**ACTIVITY**
Find the line with "Ca 45-50 cm" in the records below. Output exactly from there until after the line with "Mini Knot 18ct", without pictures.

--------------------------------------------------

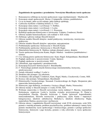 Zagadnienia do egzaminu z przedmiotu: Nowożytne filozoficzne teorie społeczne 1. Renesansowa refleksja na życiem społecznym i jego mechanizmami - Machiavelli. 2. Koncepcje utopii społecznych. Morus i Campanella, różnice, podobieństwa 3. Co to są utopie, jakie są ich rodzaje, jakie funkcje spełniają 4. Cykliczne myślenie o ludzkiej historii: G. Vico 5. Koncepcje stanu natury i cywilizacji: T. Hobbes. 6. Koncepcje stanu natury i cywilizacji: J. Locke. 7. Koncepcje stanu natury i cywilizacji: J. J. Rousseau 8. Refleksja społeczno-historyczna w oświeceniu: Voltaire, Condorcet, Herder 9. Główne modele historiozoficzne i ich rozkład w XIX wieku 10. Definicja i główne rodzaje filozofii historii 11. Główne modele filozofii dziejów: model praktyczny, teoretyczny, teoretycznopraktyczny. 12. Główne modele filozofii dziejów: optymizm, antyoptymizm 13. Problematyka społeczna i historyczna w filozofii Kanta 14. Problematyka społeczna i historyczna w filozofii Hegla 15. Materializm historyczny K. Marksa; rodzaje alienacji, prawa dziejów 16. Teorie społeczno-historyczne Kanta, Hegla i Marksa – modelowe podobieństwa i różnice. 17. Czy istnieją prawa społeczno-historyczne: Kant, Hegel, Schepenhauer, Burckhardt 18. Poglądy społeczne w pozytywizmie: Comte, Spencer. 19. Poglądy społeczne w pozytywizmie: Mill 20. Liberalizm, jego argumenty i przedstawiciele. 21. Koncepcja kryzysów historycznych J. Burckhardta. 22. F. Nietzschego podział zmysłu historycznego (monumentalny, krytyczny, antykwaryczny) 23. Zasady tolerancji według J. Locke`a 24. Struktura idei postępu i jej założenia. 25. Zwolennicy idei postępu: Condorcet, Kant, Hegel, Marks, Cieszkowski, Comte, Mill. 26. Krytycy idei postepu: Schopenhauer, Burckhardt 27. Historiozofia Cieszkowskiego. Stosunek Cieszkowskiego do Hegla. Mesjanizm jako stanowisko historiozoficzne 28. Historyzm, jego definicja, zwolennicy i krytycy (Hegel, Marks, Nietzszche) 29. Główne trendy w filozofii dziejów w wieku XVIII, XIX 30. Wybrane stanowiska w filozofii nowożytnej: teoria indukcji F. Bacona, racjonalizm Kartezjusza, empiryzm Locke’a, krytyka związku przyczynowego D. Hume`a, irracjonalizm Pascala, filozofia krytyczna I. Kanta (przewrót kopernikański, transcendentalizm, filozofia teoretyczna i praktyczna, etyka Kanta i imperatyw kategoryczny), idealizm subiektywny Berkeley’a, idealizm obiektywny Hegla, materializm Marksa, pozytywizm i utylitaryzm 31. Główne okresy i zagadnienia filozofii nowożytnej: wiek XVII, oświecenie, wiek XIX, pytanie o metodę poznania, problem psychofizyczny, problem substancji i natury bytu, pytanie mechanizmy życia społecznego i historycznego, pytanie o postęp społecznohistoryczny, historyzm i jego krytyka, pytanie o rolę człowieka w życiu społecznohistorycznym
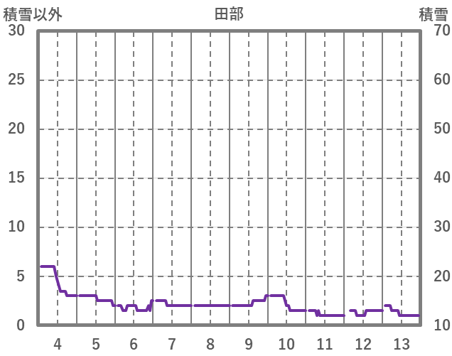 | 日 | 時 | 気温 | 降水 | 風向/風速 | 日照 | 積雪 | 降雪 |
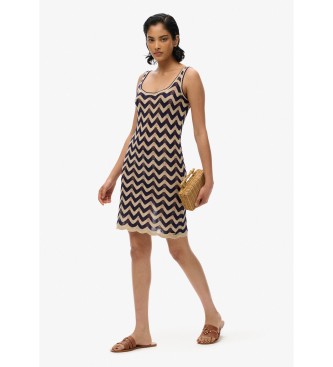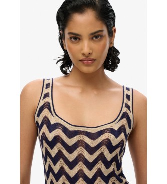 Superdry para mujer. W8011846A Minivestido de punto en zigzag marino (S), Casual, Viscosa, Sin mangas / Tirantes
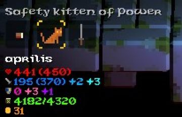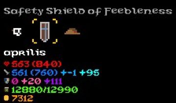 突然想起来 补充一个武器 看起来是个盾牌 攻击是一个很短的前冲 属性你也看到了 -1攻击 +20防御(我不认英文,所以不看前缀)
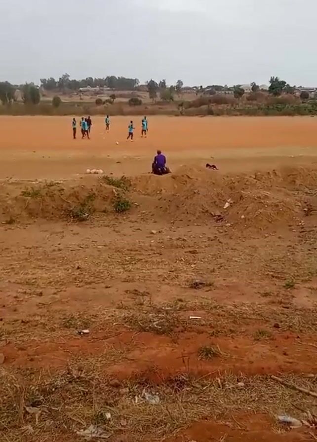 The scene depicts a group of young men training on a dry, reddish-brown soccer field under an overcast sky
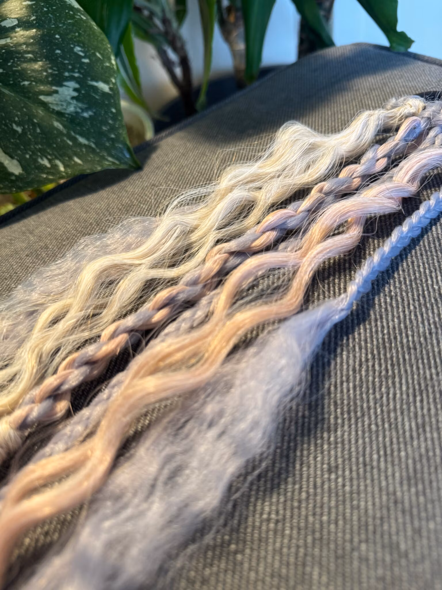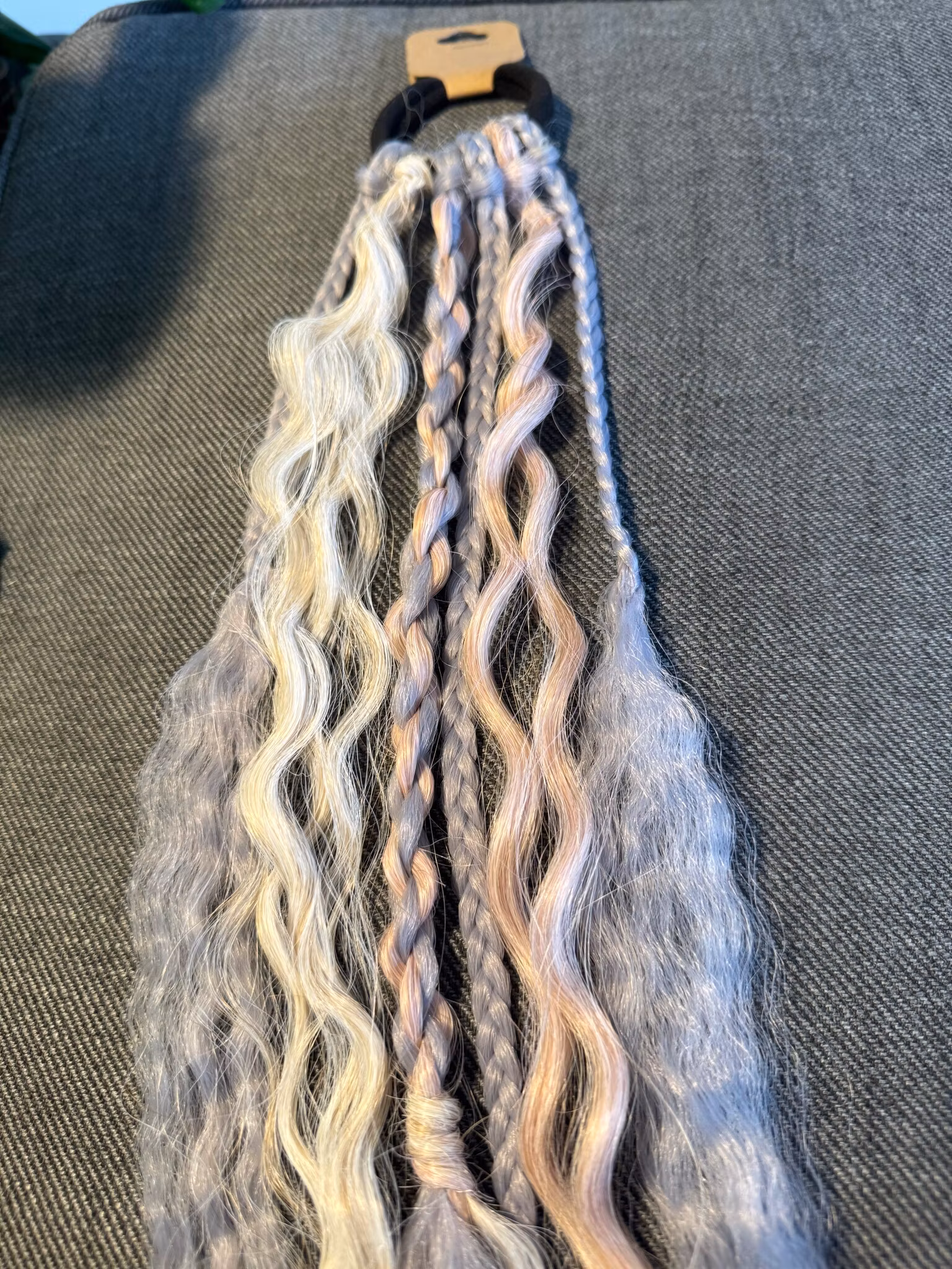 Ca 45-50 cm långa flätor, fästa på en mycket elastisk dreadsnodd som når runt de all flesta hårsvall.
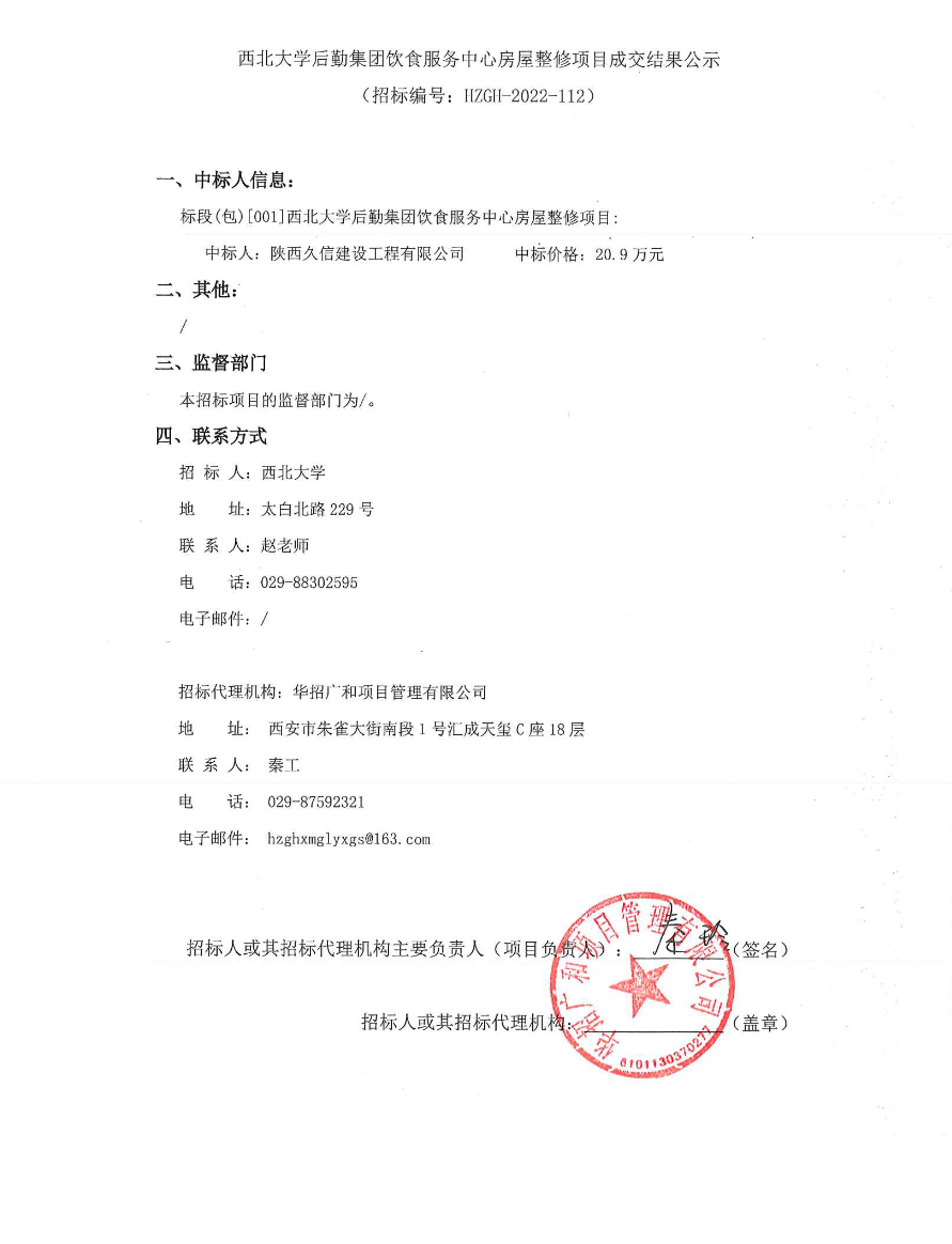 8868体育登录后勤集团饮食服务中心房屋整修项目成交结果公示
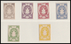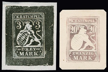 Gebührenmarken, zwei Probe-Einzelabzüge 3 Mk. rot und schwarz auf sehr dünnem, sog. "Japan"-Papier, sowie elf Probe-Einzelabzüge von 5 Pfg. bis 20 Mk. in grauviolett, kombinierter Buch-/Prägedruck
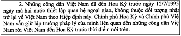 Dưới thời TT Clinton, Mỹ điều đình với CSVN về việc trả dân tị nạn phạm tội này về VN nhưng không đi đến đâu vì VC không nhận. Đến thời TT Bush con, Mỹ đi được một bước, ký được một Bản Ký Chú trong đó CSVN chịu nhận lại những người Việt phạm tội, nhưng chỉ nhận những người qua Mỹ kể từ ngày 12/7/1995 và sau đó, vì đó là ngày TT Clinton nhìn nhận CSVN. Đây là nguyên văn Điều 2 Bản Ký Chú Bush-VC: có ghi rõ những người qua trước 12/7/1995 “KHÔNG thuộc đối tượng NHẬN TRỞ LẠI”, tức là VC không chịu nhận, còn gì phải giải thích nếu chưa quên tiếng Việt, hay nếu không muốn xuyên tạc?
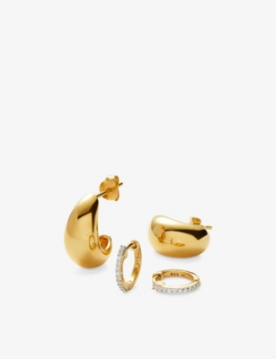 Mini Knot 18ct Yellow Gold and Silver-Plated Brass Stud Earring Set- Price:£155.00
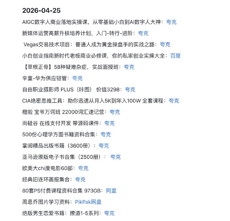 🖼 🗣️2026-04-25 实用教程 1️⃣ IT技能与前沿AI: 尚硅谷支付开发源码、AIGC数字人落地、973G超大PS精讲合集、自由职业摄影师PLUS实战 2️⃣ 商业变现与…
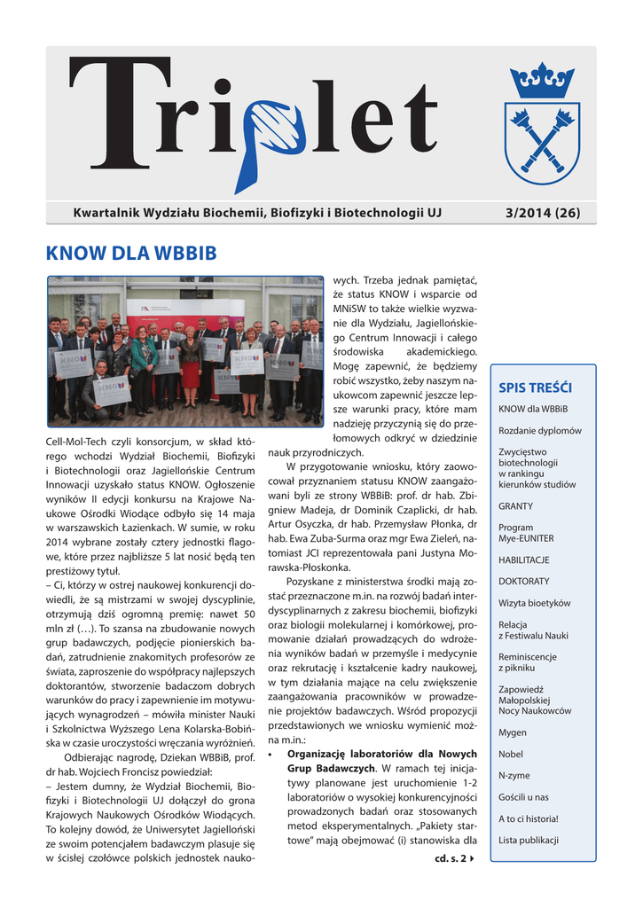Kwartalnik Wydziału Biochemii, Biofizyki i Biotechnologii UJ 3/2014 (26) KNOW dla WBBiB Cell-Mol-Tech czyli konsorcjum, w skład którego wchodzi Wydział Biochemii, Biofizyki i Biotechnologii oraz Jagiellońskie Centrum Innowacji uzyskało status KNOW. Ogłoszenie wyników II edycji konkursu na Krajowe Naukowe Ośrodki Wiodące odbyło się 14 maja w warszawskich Łazienkach. W sumie, w roku 2014 wybrane zostały cztery jednostki flagowe, które przez najbliższe 5 lat nosić będą ten prestiżowy tytuł. – Ci, którzy w ostrej naukowej konkurencji dowiedli, że są mistrzami w swojej dyscyplinie, otrzymują dziś ogromną premię: nawet 50 mln zł (…). To szansa na zbudowanie nowych grup badawczych, podjęcie pionierskich badań, zatrudnienie znakomitych profesorów ze świata, zaproszenie do współpracy najlepszych doktorantów, stworzenie badaczom dobrych warunków do pracy i zapewnienie im motywujących wynagrodzeń – mówiła minister Nauki i Szkolnictwa Wyższego Lena Kolarska-Bobińska w czasie uroczystości wręczania wyróżnień. Odbierając nagrodę, Dziekan WBBiB, prof. dr hab. Wojciech Froncisz powiedział: – Jestem dumny, że Wydział Biochemii, Biofizyki i Biotechnologii UJ dołączył do grona Krajowych Naukowych Ośrodków Wiodących. To kolejny dowód, że Uniwersytet Jagielloński ze swoim potencjałem badawczym plasuje się w ścisłej czołówce polskich jednostek nauko- wych. Trzeba jednak pamiętać, że status KNOW i wsparcie od MNiSW to także wielkie wyzwanie dla Wydziału, Jagiellońskiego Centrum Innowacji i całego środowiska akademickiego. Mogę zapewnić, że będziemy robić wszystko, żeby naszym naukowcom zapewnić jeszcze lepsze warunki pracy, które mam nadzieję przyczynią się do przełomowych odkryć w dziedzinie nauk przyrodniczych. W przygotowanie wniosku, który zaowocował przyznaniem statusu KNOW zaangażowani byli ze strony WBBiB: prof. dr hab. Zbigniew Madeja, dr Dominik Czaplicki, dr hab. Artur Osyczka, dr hab. Przemysław Płonka, dr hab. Ewa Zuba-Surma oraz mgr Ewa Zieleń, natomiast JCI reprezentowała pani Justyna Morawska-Płoskonka. Pozyskane z ministerstwa środki mają zostać przeznaczone m.in. na rozwój badań interdyscyplinarnych z zakresu biochemii, biofizyki oraz biologii molekularnej i komórkowej, promowanie działań prowadzących do wdrożenia wyników badań w przemyśle i medycynie oraz rekrutację i kształcenie kadry naukowej, w tym działania mające na celu zwiększenie zaangażowania pracowników w prowadzenie projektów badawczych. Wśród propozycji przedstawionych we wniosku wymienić można m.in.: • Organizację laboratoriów dla Nowych Grup Badawczych. W ramach tej inicjatywy planowane jest uruchomienie 1-2 laboratoriów o wysokiej konkurencyjności prowadzonych badań oraz stosowanych metod eksperymentalnych. „Pakiety startowe” mają obejmować (i) stanowiska dla cd. s. 24 SPIS TREŚĆI KNOW dla WBBiB Rozdanie dyplomów Zwycięstwo biotechnologii w rankingu kierunków studiów GRANTY Program Mye-EUNITER HABILITACJE DOKTORATY Wizyta bioetyków Relacja z Festiwalu Nauki Reminiscencje z pikniku Zapowiedź Małopolskiej Nocy Naukowców Mygen Nobel N-zyme Gościli u nas A to ci historia! Lista publikacji 4 KNOW dla WBBiB cd. ze s. 2 • liderów grup, (ii) stanowiska dla 1-2 badaczy w ramach każdej tworzonej NGB oraz (iii) nową przestrzeń laboratoryjną (na terenie JCI). Działania promujące zaangażowanie naukowców w projekty badawcze, w szczególności wysokiego ryzyka i aplikacyjne. W planach jest m.in. stworzenie (i) „subsydiów projakościowych” w postaci dodatków motywacyjnych dla pracowników o najwyższych parametrycznych osiągnięciach naukowych; (ii) wprowadzenie „ulgi dydaktycznej”, czyli obniżenie obligatoryjnego pensum dydaktycznego dla pracowników zaangażowanych w projekty badawcze; (iii) przyznawanie „Grantów dla młodych badaczy im. profesora Jana Zurzyckiego” w celu motywowania oraz wspierania młodych naukowców rozpoczynających własne badania; (iv) wdroże- • nie „Programu 35+” służącego wspierania kadry naukowej będącej na etapie przejściowym kariery zawodowej. Inicjatywy dla młodych. W tym punkcie planowane jest: (i) uruchomienie Programu „Mentor” umożliwiającego studentom i doktorantom regularne kontakty z wybranym pracownikiem naukowym niebędącym formalnym opiekunem pracy magisterskiej lub doktorskiej; (ii) wsparcie organizacji praktyk i staży dla studentów i doktorantów w czołowych krajowych i zagranicznych instytucjach oraz przedsiębiorstwach, (iv) pomoc w pozyskiwaniu partnerów naukowych i biznesowych do realizacji prac magisterskich i doktorskich we współpracy z działami B+R firm, (v) finansowanie wstępnych projektów badawczych realizowanych we współpracy z przedsiębiorstwami. ROZDANIE DYPLOMÓW 27 czerwca absolwenci kolejnego rocznika biotechnologii, biofizyki oraz biochemii odebrali pamiątkowe dyplomy i opuścili mury Wydziału. W ceremonii zakończenia studiów jak zwykle wzięli udział nie tylko sami absolwenci, lecz także ich rodziny i przyjaciele. O godzinie piątej popołudniu orszak ubranych w togi absolwentów, promotorów oraz władz Wydziału wkroczył do auli. Chwilę później w sali rozbrzmiały słowa hymnu Gaude Mater Polonia dając znak do rozpoczęcia uro- czystości. Na pierwszą część wydarzenia złożyły się wystąpienia p.o. Dziekana WBBiB, dr hab. Ryszarda Gurbiela oraz Prodziekan WBBiB ds. dydaktyki, prof. Marty Dziedzickiej-Wasylewskiej, w drugiej opiekunowie naukowi wręczyli dyplomy swoim wychowankom. Oficjalną stronę uroczystości zakończyło przemówienie przedstawicielki absolwentów – Magdaleny Szczygieł, która w imieniu kole żanek i kolegów złożyła serdeczne podziękowania i wdzięczność tym wszystkim, którzy przyczynili się do sukcesu nowo mianowanych magistrów – nauczycielom akademickim, paniom z sekretariatu ds. studenckich oraz Rodzicom. Po odśpiew

--------------------------------------------------

**YOUR SOLUTION**
 Ca 45-50 cm långa flätor, fästa på en mycket elastisk dreadsnodd som når runt de all flesta hårsvall.
 8868体育登录后勤集团饮食服务中心房屋整修项目成交结果公示
 Gebührenmarken, zwei Probe-Einzelabzüge 3 Mk. rot und schwarz auf sehr dünnem, sog. "Japan"-Papier, sowie elf Probe-Einzelabzüge von 5 Pfg. bis 20 Mk. in grauviolett, kombinierter Buch-/Prägedruck
 Dưới thời TT Clinton, Mỹ điều đình với CSVN về việc trả dân tị nạn phạm tội này về VN nhưng không đi đến đâu vì VC không nhận. Đến thời TT Bush con, Mỹ đi được một bước, ký được một Bản Ký Chú trong đó CSVN chịu nhận lại những người Việt phạm tội, nhưng chỉ nhận những người qua Mỹ kể từ ngày 12/7/1995 và sau đó, vì đó là ngày TT Clinton nhìn nhận CSVN. Đây là nguyên văn Điều 2 Bản Ký Chú Bush-VC: có ghi rõ những người qua trước 12/7/1995 “KHÔNG thuộc đối tượng NHẬN TRỞ LẠI”, tức là VC không chịu nhận, còn gì phải giải thích nếu chưa quên tiếng Việt, hay nếu không muốn xuyên tạc?
 Mini Knot 18ct Yellow Gold and Silver-Plated Brass Stud Earring Set- Price:£155.00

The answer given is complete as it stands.